By the way, on his resignation letter, just under the signature, Silverman left reference to a Bible verse which I've now lost, but I'm sure it had something to do with humility. And I had to renew our license plates this month, and when I got to my car our new entrepreneurial-approved computer system coughed up our address from fifteen years ago. Which, I imagine, is where the damn thing went, since it hasn't arrived and the others got here three weeks ago.
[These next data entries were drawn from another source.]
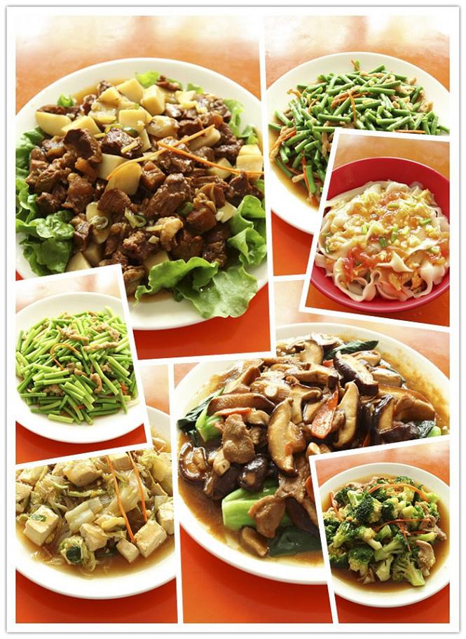 菜品丰富多样,有木须肉、豆芽炒肉、蒜苔炒肉、青椒炒肉、西红柿鸡蛋、土豆炖牛肉、丸子、炖鸡腿等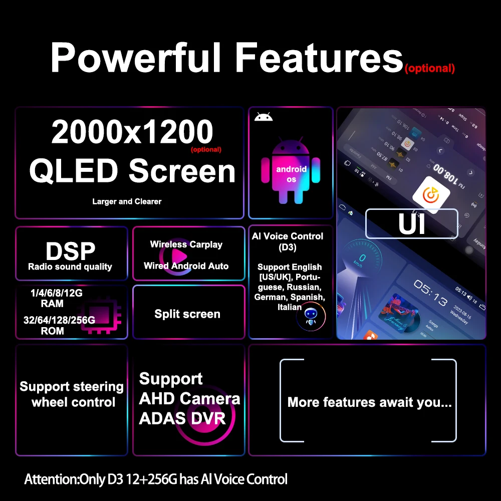 4+32G/4+64G/8+128G is QLED 1280*720P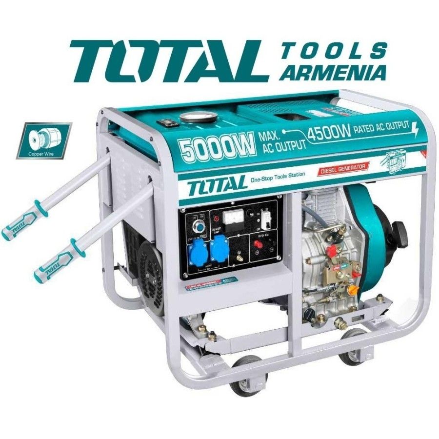 Дизель-генератор (стартер) Total TP450001 5000 Вт Генераторы дизельные TP450001,конструкция устройства элегантность, простота в эксплуатации и высокая долговечность при весе102 кг,включая колеса и ручное тяговое усилие, помогают легко перемещаться и удобно использовать в семье, на заводе. Удобная для пользователя полная панель управления. Автоматический выключатель переменного тока. Система AVR обеспечивает точный контроль напряжения. Не требующий обслуживания аккумулятор. Машина имеет компактную конструкцию, проста, удобна в перемещении и использовании. В случае сбоев энергоснабжения позволяет обеспечить освещениемдом, а также работу основных бытовых устройств (электрический чайник, холодильник, обогреватель и пр.). Машина работает плавно, малошумно. Двигатель легко заводится, чувствителен и экономичен. Максимальная мощность : 5000 Вт. Постоянная мощность: 4500 Вт. Регулятор напряжения: AVR. Переменный ток 2 x 220/240 В ~ 50 Гц / 20 А .Оборудован аналоговым вольтметром. Постоянный ток 1 х 12 вольт (8,3 а). Н оминальная скорость : 3000об / мин․ Д вигатель : 4-Т актный Дизель. Рабочий объем цилиндра: 418 мл.Диаметр поршня X: 86 x 72 мм. Мощность двигателя: 9 л.с.Время непрерывной работы: 9 часов.Система охлаждения: вентилятором. Система запуска: Автоматическая блокировка. Система запуска: механическая + электрическая. Система зажигания: TCI. Емкость топливного бака: 15 Л.Большой металлический топливный бак с сетчатым фильтром. Расход топлива: ≤ 280 г / кВт · ч.Емкость масла: 1,65 л.Индикатор уровня масла. Масло: SAE 15W30, 15W40. Уровень шума: 95 дБ.Оборудован колесами и ручками, обеспечивающими легкое перемещение генератора. Вес: 102 кг. Гарантия։ 1 год. - Дизель-генераторы более экономичны, чем бензиновые. - Дизельный двигатель сильнее и мощнее, работает быстрее, что позволяет экономить топливо, а расходы на топливо дешевы - Электроэнергия, вырабатываемаядизельными генераторами, на 11% выше, чем бензиновые генераторы. -Дизельныйгенераторы не вызывают антисанитарии и не выделяют много дыма, который загрязняет окружающую среду.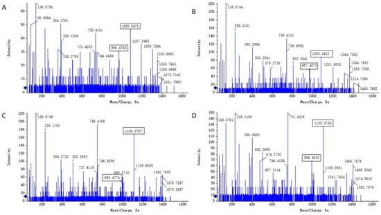 The MS/MS analysis of four fengycins (A–D). (A) m/z 1463.8242, (B) m/z 1477.8224, (C): m/z 1491.8338, (D) m/z 1505.8638. The black box labeled fingerprint product ions 1080 and 966 indicated that the m/z values 1463.8242 and 1477.8224 correspond to fengycin A. The black box labeled fingerprint product ions 1108 and 994 indicated that the m/z values 1491.8338 and 1505.8638 correspond to fengycin B.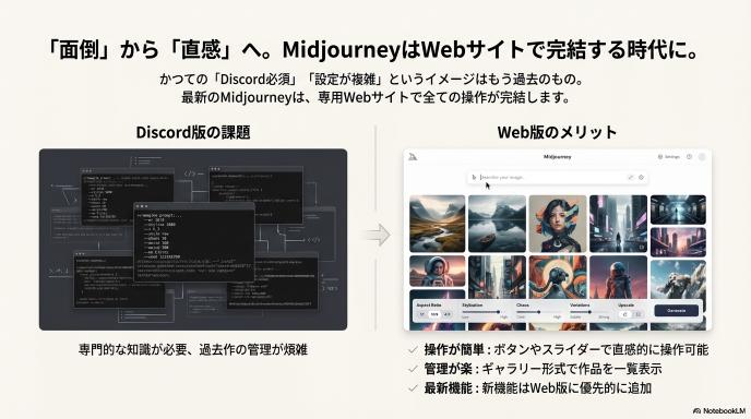 そんな心配はもう不要です! 最新のMidjourneyは専用のWebサイト(ブラウザ)から、まるでスマホゲームのように直感的に操作できるようになりました。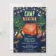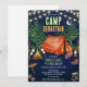All text is fully customizable — personalize the camp name, birthday child's name, age, date, time, location, and special instructions like "Bring your sleeping bag & PJs." Printed on premium card stock for a polished finish.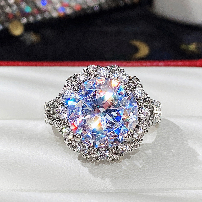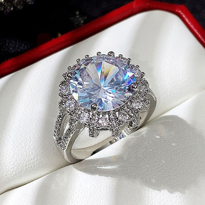 Micro-inlaid celebrity style classic all-match popular ring six-claw zircon wedding ring European and American style light luxury ring
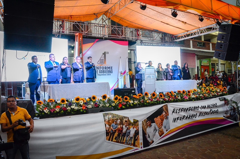 Tingambato, Michoacán, a 16 de agosto de 2019.-Al rendir su Primer Informe de Labores, el Presidente Municipal de Tingambato, Nelson Villegas Figueroa, subrayó que aún con la falta de recursos federales se están generando resultados a la ciudadanía.
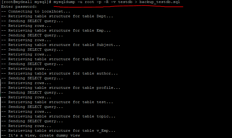 mysqldump -u root -p -R -v testdb > backup_testdb.sql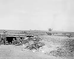 After the territorial gains of the first two days, a lull followed as British guns, ammunition and transport links were moved forward. Battalions of pioneers built temporary roads across the churned up battlefield; heavy artillery (and its ammunition) was manhandled into position in new gun pits; food for the men and feed for the draught horses was brought up and Casualty Clearing Stations were established in readiness for the inevitable counter-attacks. Allied commanders also faced a dilemma: whether to keep their exhausted divisions on the attack and run the risk of having insufficient manpower or replace them with fresh divisions and lose momentum.[55]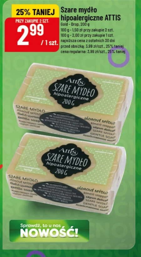 Szare mydło hipoalergiczne ATTIS Gold - Drop. 200 g 100 g - 1,50 zł przy zakupie 2 szt. 100 g - 2,00 zł przy zakupie 1 szt. najniższa cena z ostatnich 30 dni przed obniżką: 3,99 zł/szt., 25% taniej cena regularna: 3,99 zł/szt., 25% taniej

• And the race for Indianapolis prosecutor--the last city office held by the once invincible Republican machine--got dirty fairly quickly, but the highlight for me so far came last week as incumbent Carl "Tanning Bed" Brizzi led the charge as his office served search warrants on the Coroner's office. Brizzi is a world-class camera hog even in off-years, but he's still a piker compared to his predecessor Steve "Goldsmythe" Goldsmith, who once mounted a bulldozer to help knock down a "crack house" at precisely 5:00:15 one PM. Anyway, the issue at the Coroner's office is, apparently, the theft of money from a corpse which occurred two years ago, and the release of a body for cremation before the family and prosecutor's office knew about it. Just the sort of thing that calls for a Prosecutor undaunted by the requirement to jump out of a car while the cameras roll and sprint ten yards to the front entrance. I'm tardy, and I've lost the quote, but someone in the Coroner's office told the Star something to the effect that you could tell Brizzi took the case seriously by the amount of makeup he was wearing.

* That would be the major sporting goods retailer which Silverman managed to lose under the couch while he served as its CEO.